|Is there something like Xenu, for mac?|
| 9:27 pm on Dec 15, 2011 (gmt 0)|
I'm looking for a decent link checker. Something that will crawl an entire site, and report back with URLs found, HTTP status, and whatnot.
something just like Xenu would be perfect. I need only a few options, like the ability to not follow external links, exclude files with regex.
| 9:28 pm on Dec 15, 2011 (gmt 0)|
oh, there's one called Integrity;
the last time I tried that one it crashed the macbook. I'm not kidding
| 9:41 pm on Dec 15, 2011 (gmt 0)|
I have used Integrity to check a 10K+ page website with no problems, you may have run into a memory issue.
I've also used BLT and there is another called DeepTrawl
| 11:24 pm on Dec 15, 2011 (gmt 0)|
A few years ago I was forced to install the w3c link checker locally because it was getting snarky about checking fragments in multiple files. I don't know how well you get along with Terminal and command-line input. It was horribly traumatic for me, but you only have to do it once.* The drawback is that by default the local version thinks your dtd is a link. (Someone told me how to override it, but my brain tends to shut down when I'm given command-line information.) The CGI part is separate.

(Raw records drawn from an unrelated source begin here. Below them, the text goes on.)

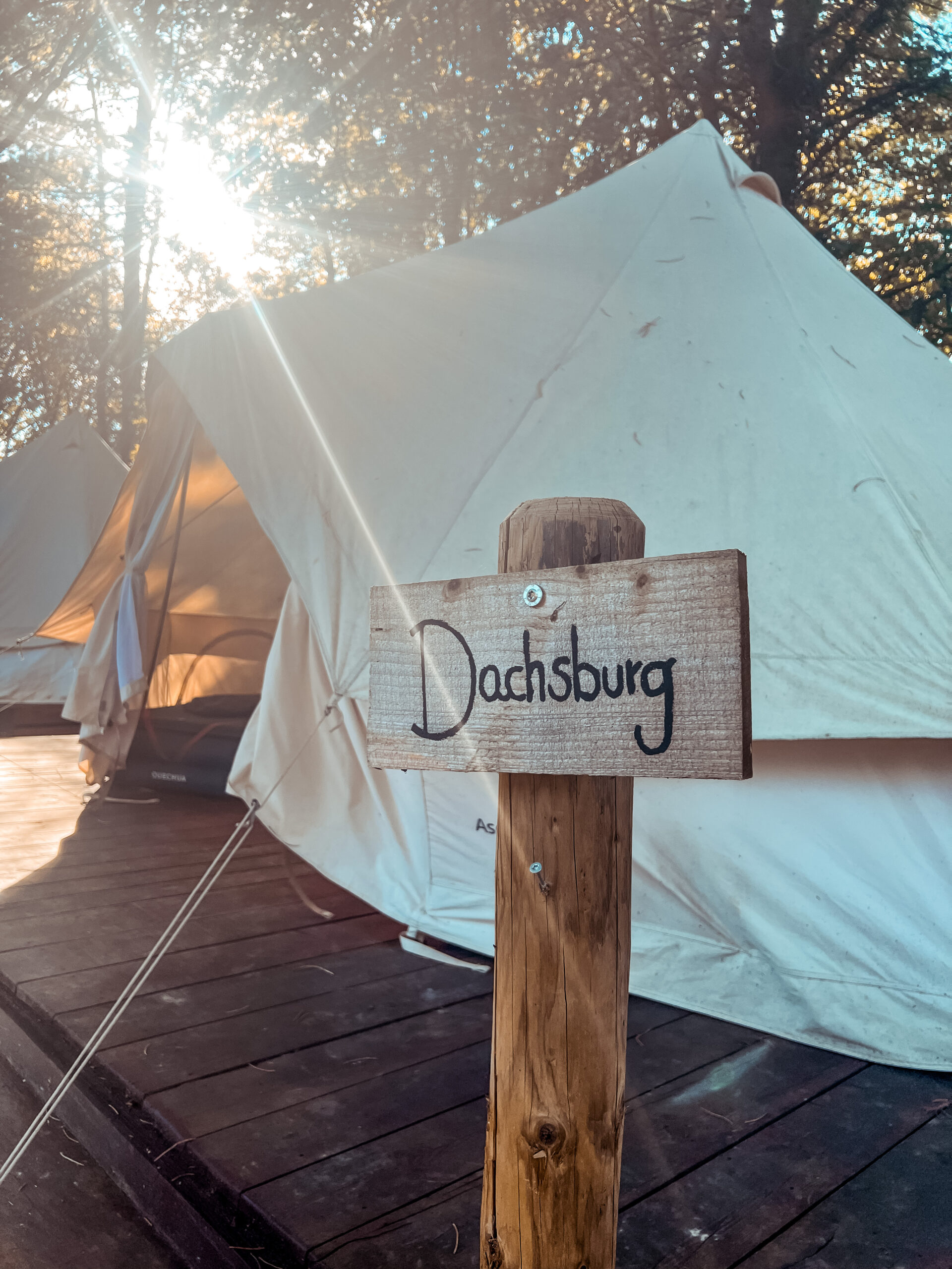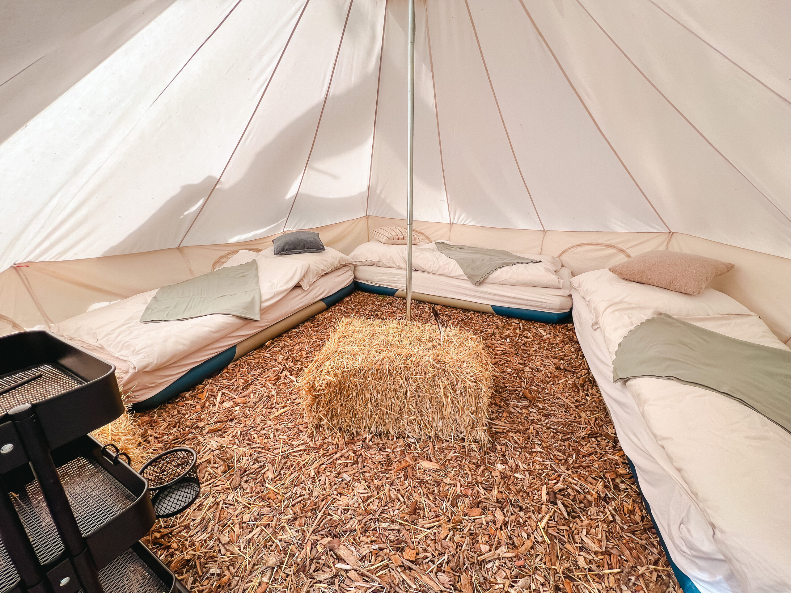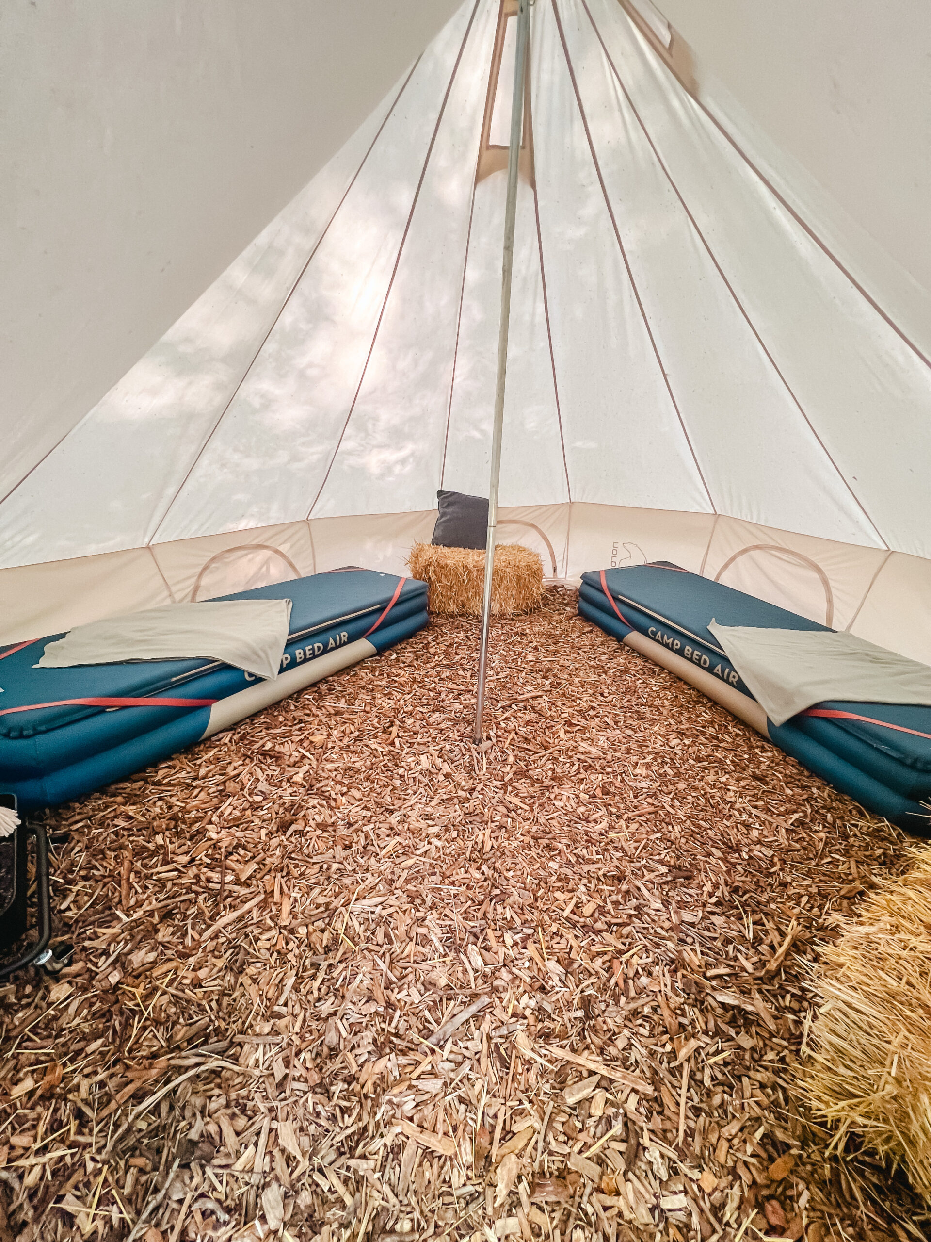 Zusätzlich haben wir noch zwei kleinere Glampingzelte von je 12qm, die auf einem Hackschnitzeluntergrund stehen.
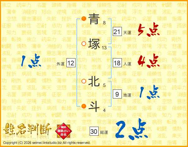 青塚北斗さんの総運は30画の2点!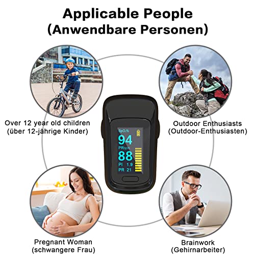Fingeroximeter für fast alle Altersgruppen geeignet, einschließlich älterer Menschen, Erwachsener und Kinder. Sie können es zu Hause und im Freien für die Gesundheit der Familie, des Sports und der Gesundheit der Gemeinschaft verwenden. Hinweis: Dieses Pulsoximeter ist nicht für Neugeborene geeignet.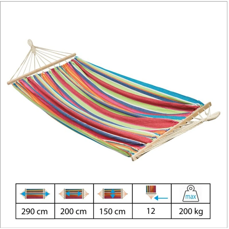 Le « Bien Etre » de CAO OUTDOOR est un hamac grande largeur double pour deux personnes avec écarteurs, conçu pour le plein air au camping, bateau ou camping-car et fourgon aménagé.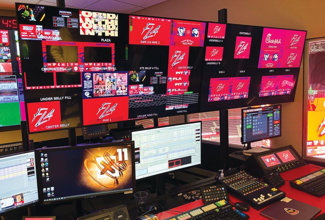 To control all this screen area, the control room was upgraded around a Ross Video Xpress Tessera One content management system powered by NovaStar processors. (The existing Ross Vision switcher remained.) With the renovation, the Panthers also made the move to ST 2100, because it provided the “flexibility to scale video and provide content autonomy,” Masino said.

* Except when they go and update it, leaving me no choice but to, uhm, ignore the update.
| 11:38 am on Dec 19, 2011 (gmt 0)|
Follow-up: OK, I gritted my teeth and read the manual. Well, the Help screen. I never knew it existed until I tried to use a command someone else told me about. Oops.
w3c link checker, installed locally, command-line interface. For a whole site:
checklink -X http://www.w3.org/TR/html4/loose.dtd -l http://www.example.com/ http://www.example.com/
-X = exclude. For html4/loose etc, substitute whatever your own DTD says. You can use a regex. Pile on further -X as needed. You have to include the DTD line because the local version doesn't ignore it the way the online version does, which means that every single page on your site will wait an extra 15 seconds before spitting out a 500 error.
-l (that's ell, not Eye) = constrain recursive searches to this location (here a whole domain)
The repetition of www.example.com is not a typo. The first one goes with -l. The second one is the actual page you're checking. By specifying a location you've made it infinitely recursive.
Once it has started, go out to dinner. Or leave on vacation, depending on how big your site is. The Link Checker is a Good Robot, so its default minimum time between requests is 1 second. You can make it longer but not shorter. My site took about 45 minutes. Oh, and don't forget to say
in your robots.txt. I did say it's a Good Robot ;)